Нашу группу отправили на почти что передовую воздушной битвы за Англию, на одну из баз истребительной авиации в устье Темзы. Сразу меня определили в группу медэвакуации. В нашу задачу входило первичное и вторичное оказание помощи вывозимых гидропланами, катерами и кораблями, а то и самой эвакогруппой с берега, подбитых британских лётчиков. Первичная помощь зачастую не оказывалась правильно в силу нехватки времени на выдёргивание сбитого лётчика из воды. К тому же среди немецких лётчиков-истребителей наметилась тенденция из мести атаковать и спасателей в Па-де-Кале. В итоге девятнадцатилетние мальчишки- лётчики нередко умирали на родном берегу от шоковых поражений и кровопотери. От переохлаждения-то, по старой моряцкой привычке, их ещё успевали отогреть хорошим бренди внутрь и химическими грелками на теле. И мы, загоняя наш «Bedford MWV», успевали довезти мальчишек, кричащих и корчащихся от боли после шока, до стационарных условий помощи.
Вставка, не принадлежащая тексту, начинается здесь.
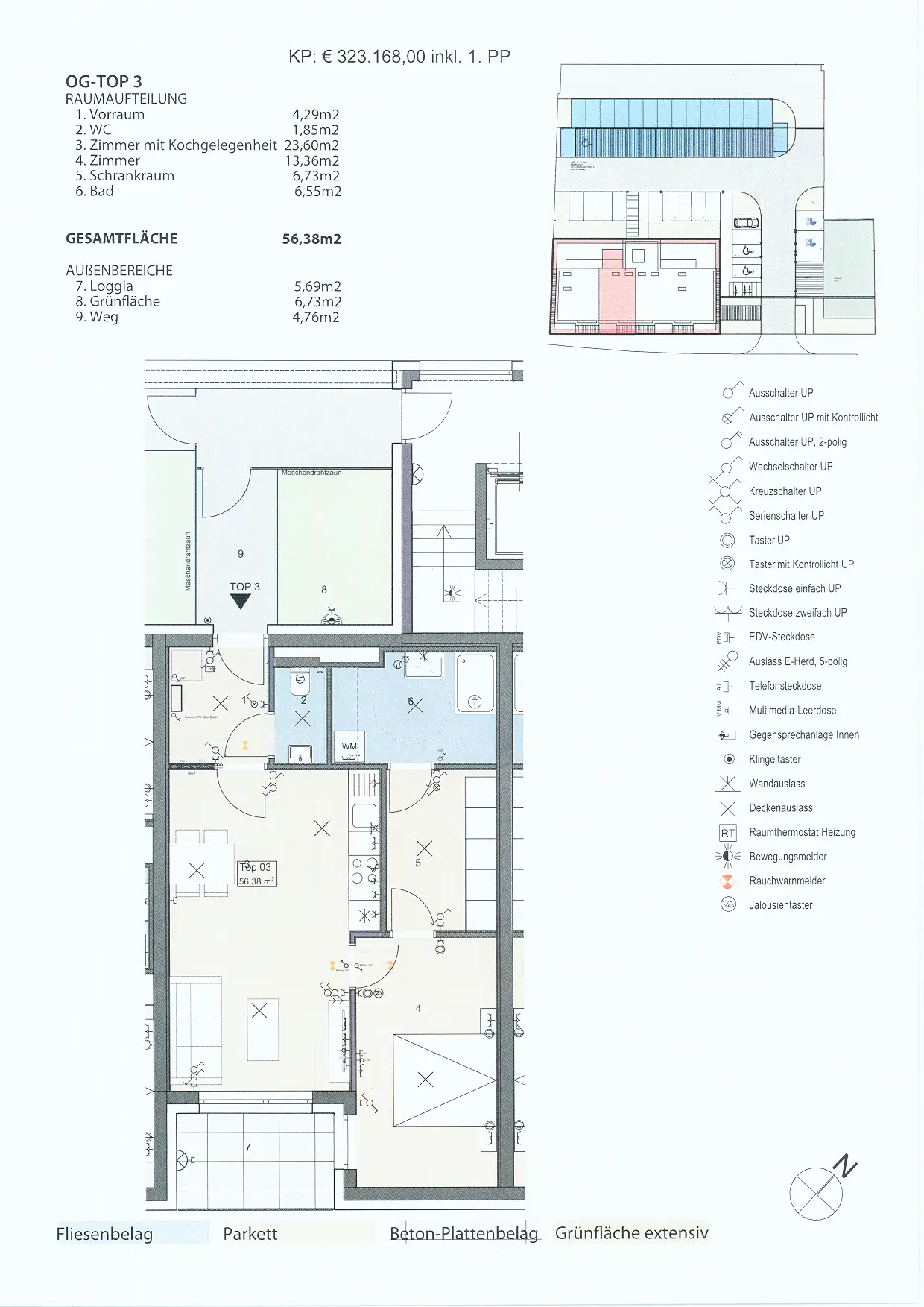 Die Wohnung überzeugt durch eine durchdachte Raumaufteilung, helle Wohnräume sowie einen großzügigen Außenbereich mit Loggia ( 5,69m²) und Grünflächen. Ein zugehöriger Parkplatz ist im Angebot inkludiert.

Тогда и пришло осознание нехватки времени на жизнь. Когда за пять-семь минут успеваешь вытащить человека с того света, то замедляется время, пока в страхе не оглядываешься на часы. А сейчас время снова тянулось в ужасе…от того, что жива.
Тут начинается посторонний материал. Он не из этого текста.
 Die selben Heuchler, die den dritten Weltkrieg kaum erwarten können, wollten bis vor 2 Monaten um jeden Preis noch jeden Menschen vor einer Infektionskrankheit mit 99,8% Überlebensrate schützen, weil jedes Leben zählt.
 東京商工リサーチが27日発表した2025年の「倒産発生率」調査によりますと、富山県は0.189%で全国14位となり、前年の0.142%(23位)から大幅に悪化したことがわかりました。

…Опять эта голова… Вроде по ощущениям касательное… Эти подонки чего-то или кого-то испугались и не стали стрелять наверняка. А может была команда именно испугать? Этот «капитан» в чёрном кричал что-то о работе Вацлава на русских и попытке выхода того на связь. Он надеялся, что я с невнятным бормотанием про дезертирство и убийство офицера буду к нему лояльнее. Но ведь глупо говорить о том, и как баран соглашаться с тем, чего не знаешь. Блеф – вещь недолговечная…

Снова провал в сон и снова песчаный вихрь душил за горло. Проснувшись, я откашлялась. Часы на стене не показывали и получаса сна. Рёбра поломаны? Ведь не жалели, гады, на «допросе методами второй степени устрашения». Ощупываю себя под грудями – нормально. Хотя, может это опять «пляска памяти» в африканских песках.
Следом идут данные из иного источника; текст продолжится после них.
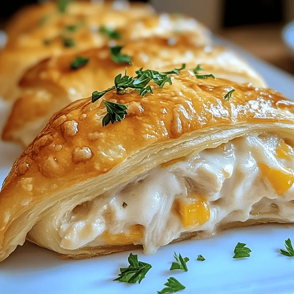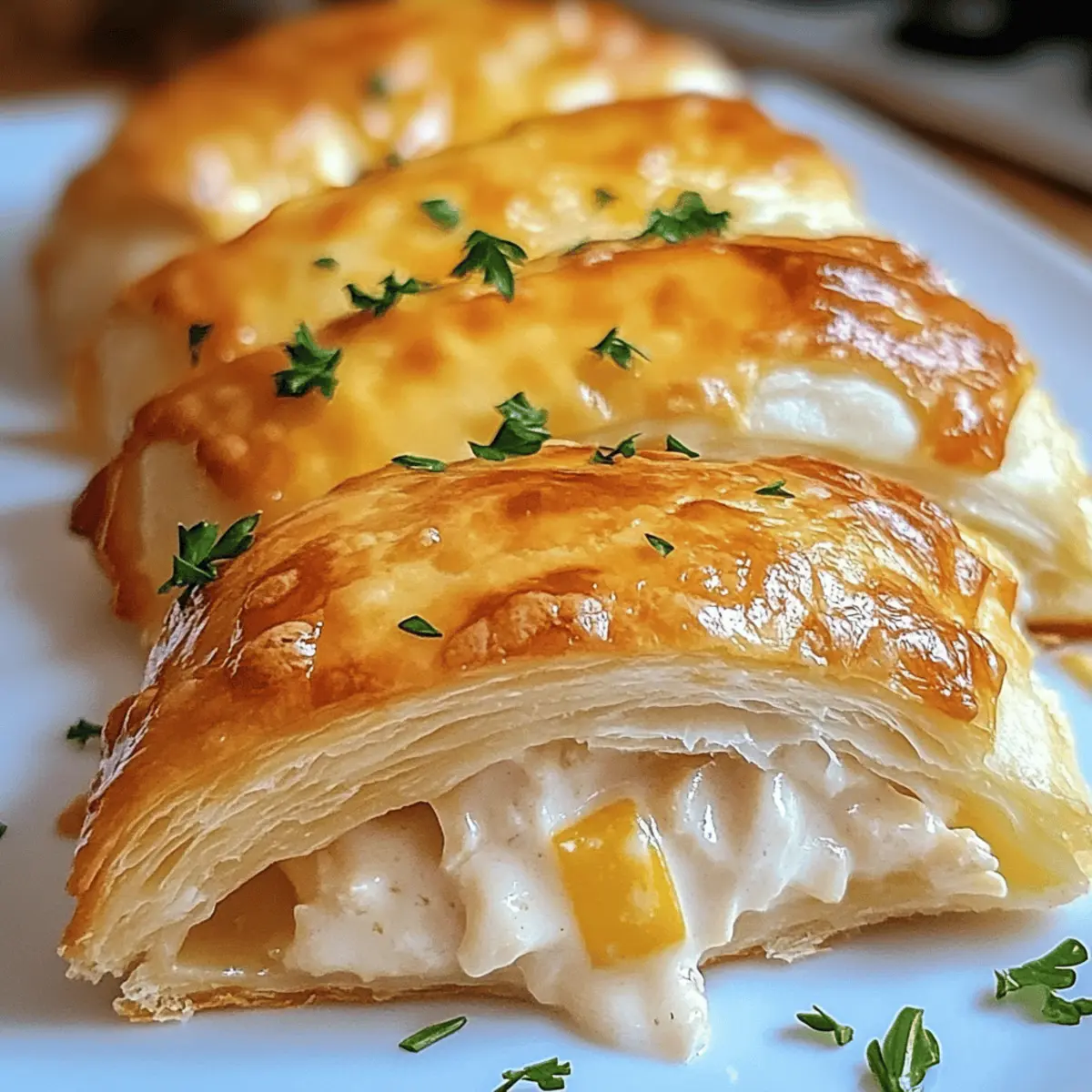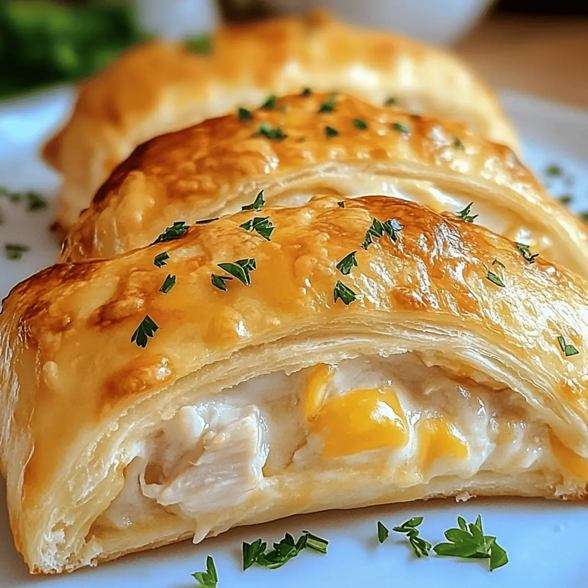 Stumbling upon a cozy kitchen filled with the warm aroma of crispy pastry is like uncovering a secret recipe for happiness. That’s exactly what you’ll experience while whipping up these Cheesy Chicken Crescent Rolls, a delightful comfort food that’s destined to become a staple in your culinary repertoire. What I love about this easy recipe is how it brings together flaky crescent dough, savory shredded chicken, and gooey melted cheese—a combination that’s perfect for busy weeknights or festive gatherings alike. In just 30 minutes, you’ll have these golden-brown treasures ready to impress family and friends, all while keeping your cooking stress to a minimum. Are you ready to dive into the deliciousness and explore how to make these delightful rolls your own? Why are Cheesy Chicken Crescent Rolls a Must-Try? Comforting Deliciousness: The warm filling of shredded chicken and cream cheese wrapped in flaky dough will wrap you in joy with every bite. Quick Preparation: With just 30 minutes from prep to plate, these crescent rolls fit perfectly into your busy schedule. Customizable Flavors: Feel free to mix in diced jalapeños for spice or add cooked spinach for a nutritious twist—there’s no limit to your creativity! Perfect for Any Occasion: Whether it’s a family dinner or a festive party, these rolls are sure to be a hit. Pair them with a side like the Hawaiian Chicken Sheet for a complete meal! Crowd-Pleaser: Everyone loves cheesy, savory bites they can easily pick up and enjoy. These rolls are always the first to disappear! Cheesy Chicken Crescent Rolls Ingredients • Get ready to create a delectable treat! For the Rolls Crescent Roll Dough – Provides a flaky texture and a comforting base; consider puff pastry for a different flavor! Shredded Cooked Chicken – The star protein that adds flavor; rotisserie chicken makes for a quick and easy substitute. Cream Cheese – Adds creaminess to the filling; make sure it’s softened for easier mixing. Shredded Cheddar Cheese – Gives a gooey texture when melted; swap it out for mozzarella or pepper jack for variety. Garlic Powder – Infuses aromatic flavor into the filling; fresh minced garlic can also elevate the taste. Chopped Parsley – Adds freshness and a pop of color; it’s optional but greatly enhances the final dish. Salt & Pepper – Boosts the overall flavor; feel free to adjust according to your personal taste. Optional Add-Ins Cooked Spinach – A nutritious boost that blends wonderfully with the chicken. Diced Jalapeños – Perfect for adding a spicy kick to your rolls, making them extra exciting! Bell Peppers – Add a crunchy, sweet bite for a colorful twist. Remember, these Cheesy Chicken Crescent Rolls are all about flexibility; let your taste guide you! Step‑by‑Step Instructions for Cheesy Chicken Crescent Rolls Step 1: Preheat the Oven Begin by preheating your oven to 375°F (190°C). While the oven heats up, take a baking sheet and lightly grease it with cooking spray or butter, ensuring a non-stick surface for the Cheesy Chicken Crescent Rolls. This golden temperature will ensure your rolls bake to a beautiful, flaky perfection. Step 2: Prepare the Filling In a medium mixing bowl, combine shredded cooked chicken, softened cream cheese, and shredded cheddar cheese. Add garlic powder, chopped parsley, salt, and pepper, blending the ingredients until smooth and creamy. The mixture should be well-combined, resembling a thick, cheesy spread that will bring all the flavors together in each bite. Step 3: Roll the Dough Open the package of crescent roll dough and carefully unroll it on a clean surface. Separate the dough into individual triangles as indicated on the packaging. This flaky crescent dough serves as the perfect wrap for your delicious filling, so keep the triangles intact to ensure optimal rolling. Step 4: Assemble the Rolls On the wide end of each triangle, place a generous spoonful of the creamy chicken filling. Gently roll the dough towards the pointed end, tucking in the sides as you go to prevent any filling from escaping during baking. Arrange the assembled rolls with the point facing down on your prepared baking sheet for optimal cooking. Step 5: Bake the Rolls Carefully place the baking sheet in your preheated oven, setting a timer for 12 to 15 minutes. Keep an eye on the rolls as they bake; they should puff up and turn a lovely golden brown when done. This is the visual cue that your Cheesy Chicken Crescent Rolls are ready to come out of the oven. Step 6: Cool and Serve Once your rolls are perfectly golden, remove them from the oven and allow them to cool for a few minutes on the baking sheet. This short cooling period will help the filling to set slightly. Serve warm, perhaps with a side of ranch dressing or marinara for a delightful dipping experience. How to Store and Freeze Cheesy Chicken Crescent Rolls Room Temperature: Store baked rolls in an airtight container for up to 2 hours if you plan to eat them right away; they’re best enjoyed warm! Fridge: Keep leftover Cheesy Chicken Crescent Rolls in an airtight container for up to 3-4 days. To maintain freshness, gently reheat them in the oven. Freezer: For longer storage, freeze assembled but unbaked rolls for up to 2 months. Wrap tightly in plastic wrap and foil. When ready to bake, allow them to thaw overnight in the fridge before baking. Reheating: To reheat cooked rolls, place them in a preheated oven at 350°F (175°C) for about 10-15 minutes or until warmed through, ensuring the filling remains creamy. Expert Tips for Cheesy Chicken Crescent Rolls • Do Not Overfill: Keep your filling amount moderate to prevent leaks during baking, which can create a messy kitchen. • Use Fresh Ingredients: For the best flavor, use freshly cooked chicken and softened cream cheese; flavor enhances when ingredients are fresh. • Baking Time Matters: Keep an eye on your crescent rolls, as baking times may vary slightly with different ovens

В ноябре 1940-го командование госпиталя сделало «ход конём». Предложили нашей группе девчонок записаться добровольцами в британскую армию, сдав документы об американском гражданстве куда подальше. Опыт с наземными группами медэвакуации Королевских ВВС заинтересовал штабистов генерала Уэйвелла в Африке. После двухмесячной обкатки в учебном центре (бой-девочка дорвалась до оружия, марш-бросков и звания лэнс-капрала) шестерых из нас, с британской квалификацией парамедиков, отправили в Каир, в распоряжение медслужбы Королевских ВВС. Тут снова наметился отсев – двое умудрились понравиться госпитальному начальству и остались там. Оставшаяся четвёрка была распределена на передовой аэродром у Мерса-Матрух. Заканчивался феерический идиотизм маршала Грациани с декабрьским наступлением в Ливии, подсчётом британскими офицерами «пленных макаронников акрами» и разгулом дизентерии в песках – смешным и страшным напополам. С воздуха мы наблюдали в охраняемых периметрах с пленными десятки, если не сотни скрюченных, в характерной позе и со спущенными штанами, несчастных – с поносом их добивало обезвоживание.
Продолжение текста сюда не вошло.